Posy è una donna di ventotto anni e per venticinque ha sempre vissuto e girato per gli scaffali di Bookends. Non è difficile capire che per lei la morte di Lavinia e la possibilità di perdere l’unica casa che possiede è un colpo al cuore. È una donna matura, responsabile e lo dimostra attraverso l’amore con cui si occupa del fratello Sam senza mai considerarlo un peso. Ha tante responsabilità e ora ha anche la libreria di cui occuparsi, compresi i colleghi che come lei, sperano di non perdere il posto di lavoro. Posy è anche molto indecisa e paurosa, non ha certezze concrete e teme sempre di sbagliare o di non fare abbastanza. Con Sebastian invece esce una personalità combattiva e determinata. Non vuole le sue intromissioni e ad un certo punto con astuzia saprà sfruttare lui e le sue conoscenze per ottenere ciò che vuole. Non vi dico di più ma vi basti sapere che io l’ho trovata furba e geniale. 

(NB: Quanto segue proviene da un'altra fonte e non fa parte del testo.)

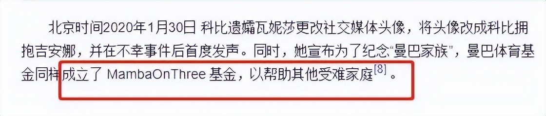 她宣布为了纪念“曼巴家族”,曼巴体育基金同样成立了 MambaOnThree 基金,用来帮助其他受难家庭。

Sebastian invece io lo amo proprio! Adoro come è stato descritto e fino alla fine il suo fare da sbruffone mi ha tenuta incollata alle pagine. Si comporta come il padrone del mondo, con il suo sorriso e il suo aspetto ammalia le donne ma nessuna è riuscita a rubargli il cuore. Lui è così, prendere o lasciare. È un imprenditore di successo, spietato, senza peli sulla lingua e se vuole una cosa non si ferma finchè non ha ottenuto il suo scopo. Con Posy, la sua Posy, non è da meno. Gli scontri con lei sono carichi di adrenalina, ma non ha capito che con lei non vincerà mai, perché Posy è un passo avanti a lui che vuole sempre l’ultima parola. Hanno entrambi i loro motivi per non voler cedere e scoprirlo mi ha emozionata. 

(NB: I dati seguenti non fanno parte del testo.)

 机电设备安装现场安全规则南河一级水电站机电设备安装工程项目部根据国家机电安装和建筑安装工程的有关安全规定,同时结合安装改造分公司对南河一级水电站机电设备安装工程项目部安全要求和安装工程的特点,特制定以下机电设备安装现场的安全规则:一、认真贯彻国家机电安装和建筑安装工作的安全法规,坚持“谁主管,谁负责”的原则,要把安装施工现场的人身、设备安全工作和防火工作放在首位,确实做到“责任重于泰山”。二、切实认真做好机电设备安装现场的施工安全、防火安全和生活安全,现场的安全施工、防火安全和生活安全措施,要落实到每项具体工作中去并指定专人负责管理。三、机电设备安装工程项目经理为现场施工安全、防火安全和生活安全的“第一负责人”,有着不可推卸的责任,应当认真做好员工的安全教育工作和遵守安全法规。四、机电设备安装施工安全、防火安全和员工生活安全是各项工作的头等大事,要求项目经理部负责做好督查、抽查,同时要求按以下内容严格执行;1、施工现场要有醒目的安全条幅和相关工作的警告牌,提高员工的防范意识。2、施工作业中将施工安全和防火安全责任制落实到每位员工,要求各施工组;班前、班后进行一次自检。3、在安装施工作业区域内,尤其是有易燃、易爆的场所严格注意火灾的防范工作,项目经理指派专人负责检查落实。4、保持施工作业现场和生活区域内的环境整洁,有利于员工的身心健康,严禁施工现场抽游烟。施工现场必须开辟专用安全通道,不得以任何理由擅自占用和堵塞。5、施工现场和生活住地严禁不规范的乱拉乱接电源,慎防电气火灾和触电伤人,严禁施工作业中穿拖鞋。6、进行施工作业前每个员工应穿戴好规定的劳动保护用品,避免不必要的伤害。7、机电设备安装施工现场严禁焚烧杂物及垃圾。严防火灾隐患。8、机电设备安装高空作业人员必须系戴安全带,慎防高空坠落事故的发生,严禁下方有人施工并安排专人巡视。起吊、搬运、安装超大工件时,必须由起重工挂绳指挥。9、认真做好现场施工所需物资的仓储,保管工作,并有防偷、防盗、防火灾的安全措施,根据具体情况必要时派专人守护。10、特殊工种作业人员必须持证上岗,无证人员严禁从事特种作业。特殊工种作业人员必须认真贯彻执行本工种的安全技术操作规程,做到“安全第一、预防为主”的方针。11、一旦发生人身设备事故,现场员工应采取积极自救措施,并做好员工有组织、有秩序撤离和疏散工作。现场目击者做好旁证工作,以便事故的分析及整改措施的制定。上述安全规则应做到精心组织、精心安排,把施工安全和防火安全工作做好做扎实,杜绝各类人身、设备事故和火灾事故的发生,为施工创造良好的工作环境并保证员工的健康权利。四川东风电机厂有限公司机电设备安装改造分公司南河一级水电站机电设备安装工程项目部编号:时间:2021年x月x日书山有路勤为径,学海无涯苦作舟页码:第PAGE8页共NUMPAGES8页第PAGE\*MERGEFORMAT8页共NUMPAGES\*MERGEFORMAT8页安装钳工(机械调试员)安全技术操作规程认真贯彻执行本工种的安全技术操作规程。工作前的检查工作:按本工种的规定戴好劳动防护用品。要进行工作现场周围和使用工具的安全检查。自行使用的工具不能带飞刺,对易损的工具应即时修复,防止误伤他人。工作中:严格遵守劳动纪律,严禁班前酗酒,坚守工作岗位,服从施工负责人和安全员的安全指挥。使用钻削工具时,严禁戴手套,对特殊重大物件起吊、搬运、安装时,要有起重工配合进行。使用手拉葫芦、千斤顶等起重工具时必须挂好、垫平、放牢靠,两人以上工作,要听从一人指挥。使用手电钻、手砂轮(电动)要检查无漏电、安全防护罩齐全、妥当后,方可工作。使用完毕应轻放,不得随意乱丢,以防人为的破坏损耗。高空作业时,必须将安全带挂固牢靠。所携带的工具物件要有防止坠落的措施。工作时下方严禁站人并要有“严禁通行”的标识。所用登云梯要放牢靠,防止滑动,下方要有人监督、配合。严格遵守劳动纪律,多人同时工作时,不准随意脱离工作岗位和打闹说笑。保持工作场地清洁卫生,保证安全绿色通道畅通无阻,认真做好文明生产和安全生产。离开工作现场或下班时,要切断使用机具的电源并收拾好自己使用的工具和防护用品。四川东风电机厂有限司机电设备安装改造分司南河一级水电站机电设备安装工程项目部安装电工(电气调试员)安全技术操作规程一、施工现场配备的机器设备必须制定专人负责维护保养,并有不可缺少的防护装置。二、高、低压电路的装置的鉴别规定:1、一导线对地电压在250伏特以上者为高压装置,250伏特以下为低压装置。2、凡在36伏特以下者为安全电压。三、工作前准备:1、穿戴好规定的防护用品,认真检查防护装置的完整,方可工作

Ci sono svariati motivi per cui questo libro è da leggere.
Ve lo consiglio, soprattutto per la storia romantica che nasce e cresce tranquilla senza intromissioni o colpi di scena eclatanti.
Ve lo consiglio per il romanzo nel romanzo; questo libro che prende forma ad ogni faccia a faccia tra i protagonisti e diventa sempre più passionale e si amalgama bene con la storia. Ve lo straconsiglio perché nella sua semplicità sa conquistare il lettore senza essere prevedibile. 
Ve lo consiglio anche se fa parte di una serie, perché è autoconclusivo, ma ci vengono presentati altri soggetti interessanti di cui si sa poco e spero di leggere anche di loro. 
E infine, ve lo consiglio perché un romanzo rosa in più non guasta mai tra le nostre letture.